The world’s biggest online gay media company has launched a US$55 million stock market float.

The US-based company PlanetOut Inc was incorporated in December 2000 and accumulated a network of websites, including Gay.com and PlanetOut.com.

According to Nielsen NetRatings in June 2004, Gay.com is ranked second in terms of average time online per person and 16th in terms of visits per person among all websites measured.

Overall the company has 3.3 million active members from more than 100 countries using its websites. Premium membership services are offered in English, French, German, Italian, Portuguese and Spanish.
The share float is being managed by WR Hambrecht + Co and 4.65 million shares are being offered at an expected price between US$12 and $14. The final price offer will be announced next week.

In the prospectus, PlanetOut states it has registered 2.2 million new members in the 12-month period ended 30 June 2004.

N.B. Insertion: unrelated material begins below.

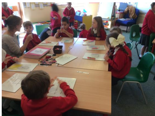
Elder Class identifying how many tens and ones in a number.

Year 2 Year 2 children have enjoyed starting their new core text “The Snail and the Whale” and were very enthusiastic acting out parts of the story and drew story maps to show the story sequence. They have also tried to use descriptive language with a focus on adjectives. In maths the children have been learning about place value, identifying the number of tens and ones in a number, partitioned two and three digit numbers and matched the numerals to numbers written in words. In science the children have sorted things in our woods into living, dead and things that have never been alive. The children have practised their sketching skills in art and enjoyed gymnastics moving in straight pathways.

Total revenue increased approximately 30 percent to US$11.5 million in the six months ended 30 June 2004 from $8.9 million in the six months ended 30 June 2003, the prospectus stated.

For the six months ended 30 June 2004, subscription revenue accounted for 68 percent, and advertising revenue accounted for 24 percent.

Through our global reach, we believe that we are able to provide advertisers with unparalleled access to the LGBT community. We generate revenue from run-of-site advertising, an advertising option in which advertisements are displayed across all sections of a website or a family of websites, advertising within specialised content channels and on our online-community areas, member-targeted emails and research for our advertisers. We have run advertising campaigns on our network of numerous Fortune 500 and other companies.

PlanetOut’s goal is to enhance its position as a gay-focused media market leader by connecting, enriching and illuminating the lives of gay and lesbian people worldwide.

The prospectus acknowledges risks associated with the business.

We have a history of significant losses and we may continue to incur losses for the foreseeable future given our anticipated increase in sales and marketing expenditures.

We incurred net losses of approximately US$16.5 million, $7.9 million and $0.8 million for the years ended 31 December 2001, 2002 and 2003 respectively. As of 31 March 2004, our accumulated deficit was approximately $37 million.